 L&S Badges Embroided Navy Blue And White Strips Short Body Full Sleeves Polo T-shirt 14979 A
--
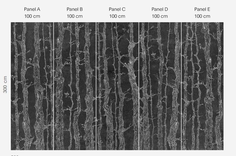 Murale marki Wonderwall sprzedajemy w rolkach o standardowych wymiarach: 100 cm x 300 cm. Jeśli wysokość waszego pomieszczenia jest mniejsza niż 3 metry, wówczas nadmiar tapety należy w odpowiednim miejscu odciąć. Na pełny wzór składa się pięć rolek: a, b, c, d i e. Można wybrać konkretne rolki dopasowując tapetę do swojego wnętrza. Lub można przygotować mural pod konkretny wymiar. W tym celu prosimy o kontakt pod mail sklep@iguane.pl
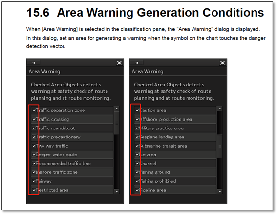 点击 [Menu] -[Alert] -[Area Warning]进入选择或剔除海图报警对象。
---
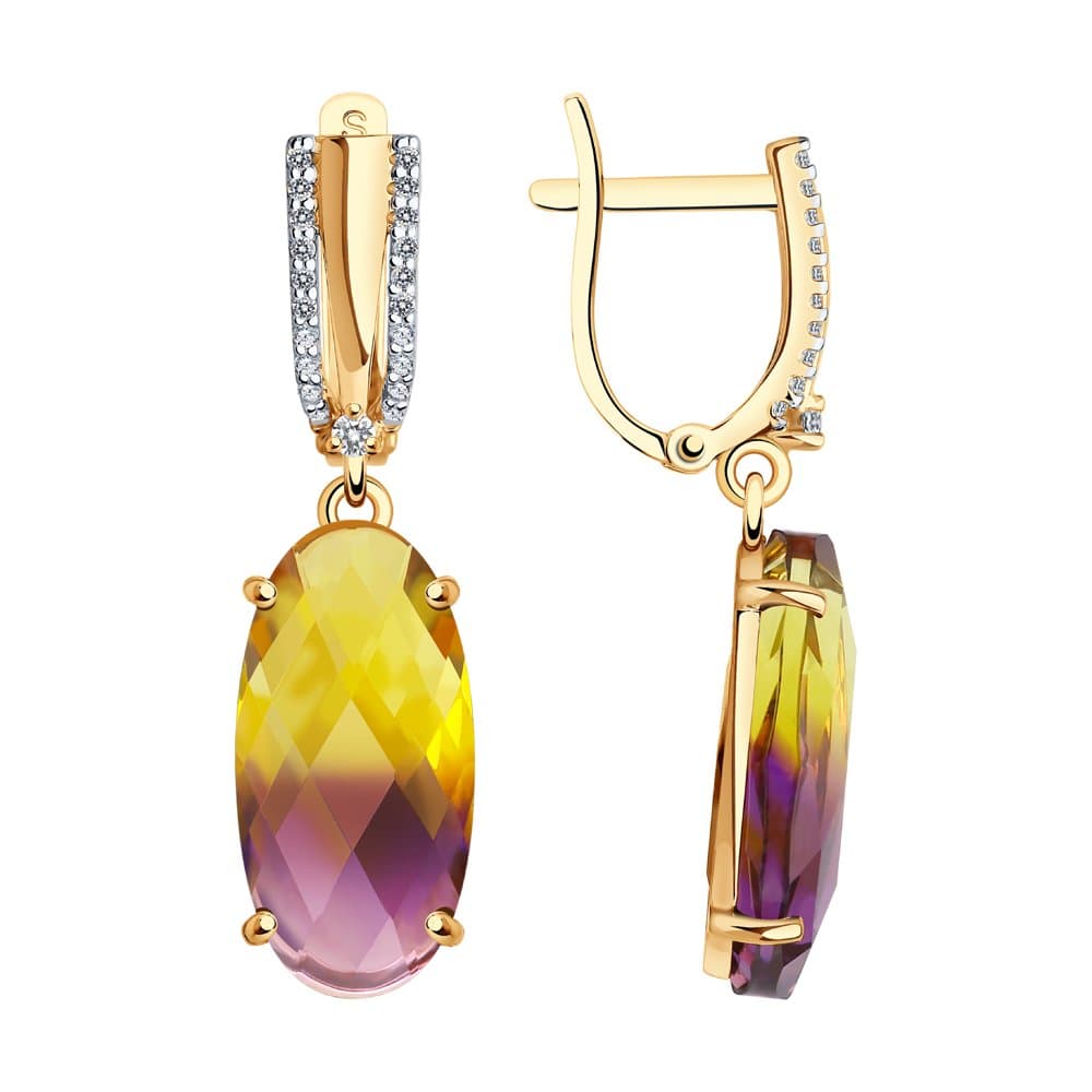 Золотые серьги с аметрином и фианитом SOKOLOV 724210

ABOUT THIS EXERCISE ▸
Repeat exactly the stretch of the listing above that starts with the line holding "Murale marki Wonderwall" and finishes with the line holding "点击 [Menu] -[Alert]", both included. Skip every picture.

WRITTEN ANSWER ▸
 Murale marki Wonderwall sprzedajemy w rolkach o standardowych wymiarach: 100 cm x 300 cm. Jeśli wysokość waszego pomieszczenia jest mniejsza niż 3 metry, wówczas nadmiar tapety należy w odpowiednim miejscu odciąć. Na pełny wzór składa się pięć rolek: a, b, c, d i e. Można wybrać konkretne rolki dopasowując tapetę do swojego wnętrza. Lub można przygotować mural pod konkretny wymiar. W tym celu prosimy o kontakt pod mail sklep@iguane.pl
 点击 [Menu] -[Alert] -[Area Warning]进入选择或剔除海图报警对象。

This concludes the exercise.